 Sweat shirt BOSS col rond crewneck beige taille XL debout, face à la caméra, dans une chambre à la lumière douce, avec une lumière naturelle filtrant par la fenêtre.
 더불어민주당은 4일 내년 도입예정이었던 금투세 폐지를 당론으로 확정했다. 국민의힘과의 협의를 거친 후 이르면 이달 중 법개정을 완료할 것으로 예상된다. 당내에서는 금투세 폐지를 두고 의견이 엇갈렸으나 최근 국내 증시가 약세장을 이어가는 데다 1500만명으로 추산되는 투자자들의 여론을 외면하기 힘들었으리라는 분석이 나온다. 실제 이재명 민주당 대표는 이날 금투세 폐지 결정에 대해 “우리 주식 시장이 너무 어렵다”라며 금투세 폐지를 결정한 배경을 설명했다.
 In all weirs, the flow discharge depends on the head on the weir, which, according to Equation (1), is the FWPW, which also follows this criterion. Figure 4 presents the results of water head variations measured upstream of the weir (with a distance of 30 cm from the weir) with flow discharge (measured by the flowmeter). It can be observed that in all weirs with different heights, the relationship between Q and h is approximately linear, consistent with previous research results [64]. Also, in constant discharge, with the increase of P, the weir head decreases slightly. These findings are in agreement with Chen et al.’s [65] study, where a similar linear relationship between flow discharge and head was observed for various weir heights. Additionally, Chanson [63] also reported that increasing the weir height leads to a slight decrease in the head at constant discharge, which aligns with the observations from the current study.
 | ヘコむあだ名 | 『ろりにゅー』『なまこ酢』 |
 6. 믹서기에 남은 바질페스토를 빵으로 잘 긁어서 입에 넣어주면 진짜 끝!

==

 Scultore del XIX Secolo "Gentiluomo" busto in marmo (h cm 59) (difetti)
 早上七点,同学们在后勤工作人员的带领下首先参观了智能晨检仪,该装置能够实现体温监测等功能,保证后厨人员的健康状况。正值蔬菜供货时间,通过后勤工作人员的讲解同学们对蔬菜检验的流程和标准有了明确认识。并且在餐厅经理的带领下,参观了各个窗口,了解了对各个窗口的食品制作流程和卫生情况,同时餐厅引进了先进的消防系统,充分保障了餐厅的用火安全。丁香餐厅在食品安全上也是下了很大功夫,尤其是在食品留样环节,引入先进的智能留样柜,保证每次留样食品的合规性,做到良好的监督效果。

*WHAT YOU SHOULD DO*. Using the data above, reproduce exactly the lines between those holding "Scultore del XIX" and "早上七点,同学们在后勤工作人", inclusive, and no others.

*THE COMPLETED TASK*.
 Scultore del XIX Secolo "Gentiluomo" busto in marmo (h cm 59) (difetti)
 早上七点,同学们在后勤工作人员的带领下首先参观了智能晨检仪,该装置能够实现体温监测等功能,保证后厨人员的健康状况。正值蔬菜供货时间,通过后勤工作人员的讲解同学们对蔬菜检验的流程和标准有了明确认识。并且在餐厅经理的带领下,参观了各个窗口,了解了对各个窗口的食品制作流程和卫生情况,同时餐厅引进了先进的消防系统,充分保障了餐厅的用火安全。丁香餐厅在食品安全上也是下了很大功夫,尤其是在食品留样环节,引入先进的智能留样柜,保证每次留样食品的合规性,做到良好的监督效果。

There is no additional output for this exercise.